My mind drifted to the second of those two Taliban fighters. What must he have been thinking when his friend slumped over—and two seconds later, when the sound of the shot arrived? Or was he dead by the time the sound of the first shot arrived? “It must be terrifying,” I said, “to have a bullet come out of nowhere.”
“That’s the whole idea,” Clark said. “One sniper shot can wreck the morale of a whole company—of a whole division. You want the enemy scared, not knowing where it’s safe to stand, not knowing when the next bullet’s coming in.”
“Imagine, though,” I said, “looking through the scope and seeing the face of the man you’re going to kill.”
“That’s not the worst thing,” Clark said. “The worst thing is lying in your own shit for five days waiting for the shot.”

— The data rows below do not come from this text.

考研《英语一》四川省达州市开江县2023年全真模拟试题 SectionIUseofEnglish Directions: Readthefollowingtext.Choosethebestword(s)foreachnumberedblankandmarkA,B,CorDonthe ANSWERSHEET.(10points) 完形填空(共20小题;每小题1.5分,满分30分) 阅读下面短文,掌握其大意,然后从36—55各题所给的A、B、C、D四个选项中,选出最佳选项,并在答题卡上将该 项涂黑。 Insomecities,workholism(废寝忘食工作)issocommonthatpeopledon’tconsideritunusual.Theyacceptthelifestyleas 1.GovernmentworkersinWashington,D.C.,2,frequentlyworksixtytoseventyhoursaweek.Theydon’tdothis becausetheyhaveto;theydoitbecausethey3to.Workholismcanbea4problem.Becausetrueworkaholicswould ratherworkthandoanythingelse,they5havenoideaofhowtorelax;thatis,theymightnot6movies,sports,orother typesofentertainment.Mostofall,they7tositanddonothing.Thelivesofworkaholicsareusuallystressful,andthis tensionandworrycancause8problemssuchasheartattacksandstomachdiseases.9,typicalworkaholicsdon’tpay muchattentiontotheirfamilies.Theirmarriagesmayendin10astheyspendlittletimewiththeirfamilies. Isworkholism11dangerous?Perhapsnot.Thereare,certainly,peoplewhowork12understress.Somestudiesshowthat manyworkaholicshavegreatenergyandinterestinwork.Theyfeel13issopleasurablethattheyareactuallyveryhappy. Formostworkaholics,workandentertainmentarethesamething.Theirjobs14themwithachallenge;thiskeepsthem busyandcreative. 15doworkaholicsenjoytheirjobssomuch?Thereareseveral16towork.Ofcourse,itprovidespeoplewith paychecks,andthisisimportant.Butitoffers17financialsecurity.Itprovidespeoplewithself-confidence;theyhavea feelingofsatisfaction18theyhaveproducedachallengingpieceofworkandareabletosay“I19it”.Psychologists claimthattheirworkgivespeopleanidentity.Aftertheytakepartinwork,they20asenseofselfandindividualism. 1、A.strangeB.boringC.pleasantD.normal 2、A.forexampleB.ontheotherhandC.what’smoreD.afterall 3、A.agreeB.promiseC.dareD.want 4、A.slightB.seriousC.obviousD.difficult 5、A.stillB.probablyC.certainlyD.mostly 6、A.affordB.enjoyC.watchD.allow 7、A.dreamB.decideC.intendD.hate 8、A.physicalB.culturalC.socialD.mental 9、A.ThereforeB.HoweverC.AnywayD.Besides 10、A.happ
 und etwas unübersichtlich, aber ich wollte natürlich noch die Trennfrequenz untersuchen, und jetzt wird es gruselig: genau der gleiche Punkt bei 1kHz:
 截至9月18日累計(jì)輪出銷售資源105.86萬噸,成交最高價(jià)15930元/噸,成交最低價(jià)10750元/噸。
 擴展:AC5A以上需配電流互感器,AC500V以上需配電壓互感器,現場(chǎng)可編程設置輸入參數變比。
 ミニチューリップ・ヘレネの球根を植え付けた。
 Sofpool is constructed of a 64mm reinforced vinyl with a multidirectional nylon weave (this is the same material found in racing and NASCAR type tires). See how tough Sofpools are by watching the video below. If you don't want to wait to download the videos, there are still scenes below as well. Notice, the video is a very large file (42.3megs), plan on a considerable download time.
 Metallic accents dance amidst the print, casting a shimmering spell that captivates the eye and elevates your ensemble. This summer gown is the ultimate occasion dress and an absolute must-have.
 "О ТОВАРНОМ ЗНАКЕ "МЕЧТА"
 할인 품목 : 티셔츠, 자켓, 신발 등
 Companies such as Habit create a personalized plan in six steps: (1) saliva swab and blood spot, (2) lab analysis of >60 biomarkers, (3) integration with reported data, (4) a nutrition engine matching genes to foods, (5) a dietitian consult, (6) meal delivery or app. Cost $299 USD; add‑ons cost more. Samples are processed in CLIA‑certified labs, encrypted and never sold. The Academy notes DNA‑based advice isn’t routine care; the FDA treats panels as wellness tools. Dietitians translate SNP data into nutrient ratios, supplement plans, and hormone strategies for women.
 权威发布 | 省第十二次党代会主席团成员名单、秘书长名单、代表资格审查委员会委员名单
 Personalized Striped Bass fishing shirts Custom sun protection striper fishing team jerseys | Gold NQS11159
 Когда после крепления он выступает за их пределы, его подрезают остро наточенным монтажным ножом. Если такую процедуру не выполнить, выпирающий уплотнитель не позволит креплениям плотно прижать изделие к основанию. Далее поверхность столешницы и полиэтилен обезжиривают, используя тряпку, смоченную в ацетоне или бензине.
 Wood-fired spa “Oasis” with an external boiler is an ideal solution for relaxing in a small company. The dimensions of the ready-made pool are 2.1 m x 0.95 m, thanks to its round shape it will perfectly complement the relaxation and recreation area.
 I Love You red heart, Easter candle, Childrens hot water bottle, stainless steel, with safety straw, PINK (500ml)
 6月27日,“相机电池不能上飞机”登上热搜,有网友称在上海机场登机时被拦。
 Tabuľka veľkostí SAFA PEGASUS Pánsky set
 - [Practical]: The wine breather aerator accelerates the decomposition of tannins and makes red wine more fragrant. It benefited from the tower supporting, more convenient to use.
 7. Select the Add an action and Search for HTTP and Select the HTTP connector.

Jeremy and Marcey shot five stages that day. Some required only two guns—pistol and shotgun, say, or rifle and pistol—and some all three. One diabolical stage called on shooters to hunt down and blast shotgun targets hiding in tall brush, then hit a rifle target rotating on a big wheel; another had them move through and around an old cinder-block building while shooting pistol targets, like cops in a hostage situation. Most of the shooters were men, but several squads had at least one woman, including a skinny sixteen-year-old girl being coached by her dad. She was awesome—lithe, quick, and coolheaded; not a girl to mess with. Her dad, a big, solid guy who asked me not to interview or identify her, said he couldn’t think of a better way than three-gun to get a girl through her teenage years. “You got to take and put so much discipline into this, you can’t be thinking of getting into trouble,” he said. “She’s got friends drinking, and messing around, and she’s not into any of that. After school and weekends, she’s on the range with me, with her mind focused.”